If `stat()` is expensive, can you imagine the cost of running a program to determine the file type?
Jonathan Leffler
(1) I didn't say to run the program. I mean detecting a file type can be done by its first bytes ("signature") if Helper really needs to know the type. It's a tradeoff to consider. (2) But if the extension is trusted, or sufficient, then it can be used without opening the file as previously suggested. Note that he said "any alternative".
Etamar L.
The cost of determining file type is immense compared with a stat call. Also the OP refers to unix file type, not mime type.
Matt Joiner
+5  A: 

The alternative is fstat() if you already have the file open (so you have a file descriptor for it). Or lstat() if you want to find out about symbolic links rather than the file the symlink points to.

I think the man page is exaggerating the cost; it is not much worse than any other system call that has to resolve the name of the file into an inode. It is more costly than getpid(); it is less costly than open().

Jonathan Leffler
The manpage's note about the expense of stat isn't so much saying to use something besides stat; it's implying that you should try to avoid unnecessary calls to stat.
Jefromi
Indeed... in fact, if you look at straces of some linux programs, you'll see quite a few stat calls.
jpalecek
The typical process stat's everything constantly. Especially those that wrap or are built on a layer on top of C. They generate constant stat calls to "check" things are as they expected etc. Even hitting "tab" on an autocompleting terminal generates piles of stat calls.
Matt Joiner
+2  A: 

The "file type" that stat() gives you is whether the file is a regular file or something like a device file or directory, among other things like its size and inode number. If that's what you need to know, then you must use stat().

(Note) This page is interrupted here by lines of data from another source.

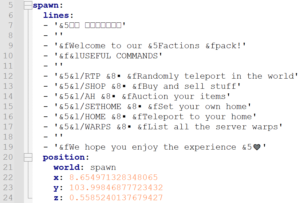 If you want to change it or other holograms, you need to go to the “plugins” folder and then access the HolographicDisplays directory. There, edit the database.yml file to your liking:
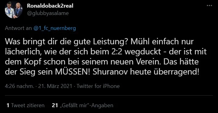 Гол Шуранова міг принести Нюрнбергу, який йде біля зони вильоту другої Бундесліги, сенсаційну звитягу над Гройтер Фюртом, який бореться за вихід у першу Бундеслігу. Однак на останніх секундах гості втратили перемогу. "К*рва! – випалив після фінального свистка Роберт Клаус. – Ми були так близькі до перемоги".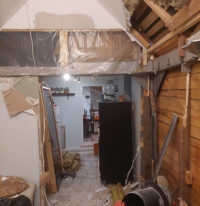Korstnale 3 rida telliseid lisaks, pööningule korstna ümber mineraalvilla plaadist konstruktsiooni ehitus, ahju kinni müürimine, kamina eemaldamine ja korstnaava kinni müürimine

If what you actually need to know is the type of the file's contents -- e.g. text file, JPEG image, MP3 audio -- then you have two options. You can guess based on the filename extension (if it ends in ".mp3", the file probably contains MP3 audio), or you can use libmagic, which actually opens the file and reads some of its contents to figure out what it is. The libmagic approach is more expensive (if you're trying to avoid stat(), you probably want to avoid open() too), but less prone to error (in case that ".mp3" file is actually a JPEG image, for example).

Wyzard
+2  A: 

Under Linux with some filesystems the file type (regular, char device, block device, directory, pipe, sym link, ...) is stored in the linux_dirent struct, which is what the kernel supplies applications directory entries in via the getdents system call. If the only thing in the stat structure you needed was the file type and you needed to get that for all or many entries of a directory, you could use getdents directly (rather than readdir) and attempt to get the file type out of that, only using stat if you found an invalid file type in linux_dirent. Depending on the your application's filesystem usage pattern this could be faster than using stat if you are using Linux, but stat should be fast in many cases.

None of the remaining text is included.